L’auspicio che il convegno di Bose «ricordi con nuova forza ai cristiani i principi ascetici fondamentali del corretto sviluppo spirituale di ogni persona e della società nel suo complesso» è espresso dal patriarca di Mosca Cirillo in un messaggio a firma del metropolita Ilarione, presidente del dipartimento delle relazioni esterne del patriarcato. Dopo aver ricordato come «negli scritti patristici il discernimento spirituale è spesso definito la fonte e la radice di tutte le virtù, il più grande dono della grazia divina, perché aiuta la persona a vivere secondo la volontà di Dio, proteggendola dall’inganno insidioso del diavolo», Ilarione mette in evidenza come «forse mai come oggi il pericolo dell’annebbiamento della coscienza minaccia l’umanità». Infatti, prosegue, «nel mondo contemporaneo, ciascun individuo è investito da un flusso enorme di informazioni, in cui non è sempre facile orientarsi; gli viene imposto uno stile di vita, difficilmente compatibile con l’insegnamento cristiano; innumerevoli tentazioni lo assalgono». E, ricordando come il patriarca Cirillo indichi la particolare rilevanza del discernimento spirituale, si sottolinea come «la missione della Chiesa oggi è proprio quella di insegnare alle giovani generazioni a distinguere il bene dal male, la verità dalle bugie, ciò che veramente vale da ciò che è effimero, transitorio, banale». In questo senso, viene evidenziato, «un lavoro comune in questa direzione può diventare un importante contributo alla cooperazione tra le Chiese nella predicazione del vangelo di Cristo al mondo contemporaneo».

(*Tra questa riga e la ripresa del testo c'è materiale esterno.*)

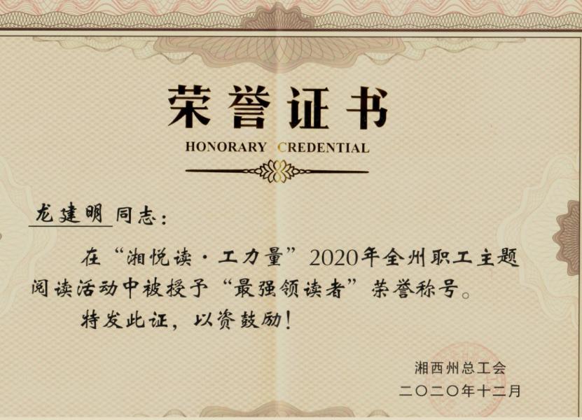 龙建明同志“最强领读者”荣誉证书

Aspetti evidenziati, nella sostanza, anche nei messaggi inviati dai patriarchi Daniel (Romania) e Teodoro ii (Alessandria d’Egitto) e dal metropolita Onufrij (Kiev). Così come nelle parole inviate dall’arcivescovo di Canterbury, Justin Welby. «In quanto cristiani che cercano di condurre una vita cristiana sul modello di nostro Signore Gesù Cristo, abbiamo il dovere morale di considerare nelle nostre vite e nel nostro prendere decisioni la volontà di Dio. Ma per farlo abbiamo bisogno del dono del discernimento», scrive il primate della Comunione anglicana, che mette in rilevo come normalmente «i meno potenti hanno meno scelta ed è più facile che siano soggetti alle scelte prese da altri». Per questo, «se una decisione è ben presa, essa è presa dopo aver fatto discernimento della volontà di Dio».